De esta forma, el texto modifica el artículo 194 del Código Penal, que estipula la pena para "aquel que sin crear una situación de peligro común, impidiere, estorbare o entorpeciere el normal funcionamiento de los transportes por tierra, agua o aire o los servicios públicos de comunicación, de provisión de agua, de electricidad o de sustancias energéticas".
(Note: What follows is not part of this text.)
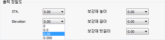 - 보강재 높이 계산 기준이 “측점 기준”인 경우에는 각 측점별 / 각 단별로 별도의 기준에 의해 계산한 보강재의 상대 높이 값을 도면에 출력합니다.

En la actualidad la norma establece que deberá cumplir de tres meses a dos años de prisión. Sin embargo, el proyecto que envió Milei al Congreso eleva esa pena de un año a tres años y medio. Gracias a esto, quienes reciban la pena máxima tendrán que cumplir prisión efectiva.

Quienes no tengan antecedentes penales o penas previas de prisión en suspenso o libertad condicional, la prisión es efectiva a partir de una condena de tres años. La pena se agrava si el piquetero porta un arma propia, impropia o si daña a la integridad física de las personas. En estos casos deberá cumplir entre dos y cuatro años de prisión.

Qué dice la Ley Ómnibus sobre los jefes de los movimientos sociales

Incluso, dentro de la Ley Ómnibus está incorporada la figura del organizador. "Quienes dirijan, organicen o coordinen una reunión o manifestación que impidiere, estorbare o entorpeciere la circulación o el transporte público o privado o que causare lesiones a las personas o daños a la propiedad serán reprimidos con prisión de dos a cinco años. Incluso aunque no estén presentes en la manifestación o el acampe", explican.

En esa misma línea, para los jefes de los movimientos sociales corresponderá una pena de prisión o reclusión de tres a seis años si mediante intimidación, simulando autoridad pública o falsa orden de la autoridad, bajo promesa de remuneración o bajo amenaza de quita o de asignación de un beneficio, plan, subsidio de cualquier índole, obliguen a otro a asistir, permanecer o alejarse.